Species, listed from left to right in gallery:

Whiskered pitta (Erythropitta kochi), Sulawesi dwarf kingfisher (Ceyx fallax), Scarlet-bellied mountain tanager (Anisognathus igniventris), Royal flycatcher (Onychorchnchus coronatus) – female, Resplendent Quetzal (Pharomachrus mocinno) – male, Red-headed barbet (Eubucco bourcierii), Red-capped parrot (Purpureicephalus spurius), Red-bearded bee-eater (Nyctyornis amictus), Long-tailed sylph (Aglaiocercus kingii), King vulture (Sarcoramphus papa), Greater roadrunner (Geococcyx californianus), Fiery-throated hummingbird (Panterpe insignis), Chestnut-crowned antpitta (Grallaria ruficapilla), Banded kingfisher (Lacedo pulchella) – male

Users of eBird, the citizen biodiversity project, run by the Cornell Lab of Ornithology, have collectively spotted 10,364 species, roughly the entire canon of bird life on the planet. And Alex Vargas? He’s personally tallied 5,138 species on his life list—and counting! For his prolificness and sensational avian photography, Alex is the BirdsEye Birder of the Month for October 2018.

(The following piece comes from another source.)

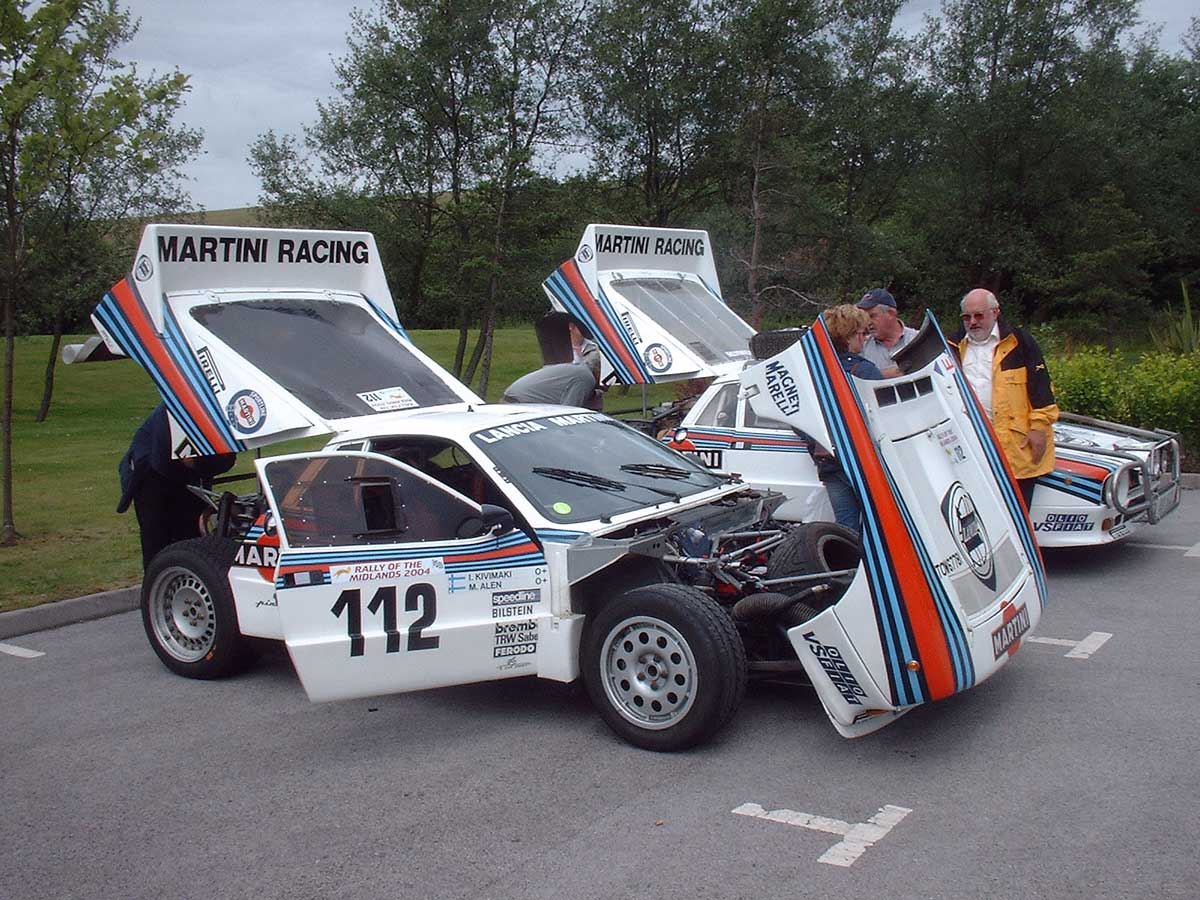 An ex-Markku Alén and another Lancia Rally 037 at the Lancia Motor Club AGM 2004.

Alex Vargas offers bird photography tours in locales around the world.

Alex is a native Costa Rican who has been birding for over 30 years, first as a childhood hobby and later as a birdwatching tour guide during his teenage years. Since 2009, he has led dedicated bird photography expeditions around the world. Alex inherited his love of birds from his father and grew up studying birds on his family’s farm in Costa Rica’s Caribbean Lowlands, where he created his first bird feeder at age 12. He nabbed his first naturalist gig shortly after that when the World Wildlife Foundation (WWF) and the Organization for Tropical Studies (OTS) recruited him to work at the La Selva Biological Station in Sarapiquí. At 16, he was certified as a “Naturalist Guide” by WWF and OTS.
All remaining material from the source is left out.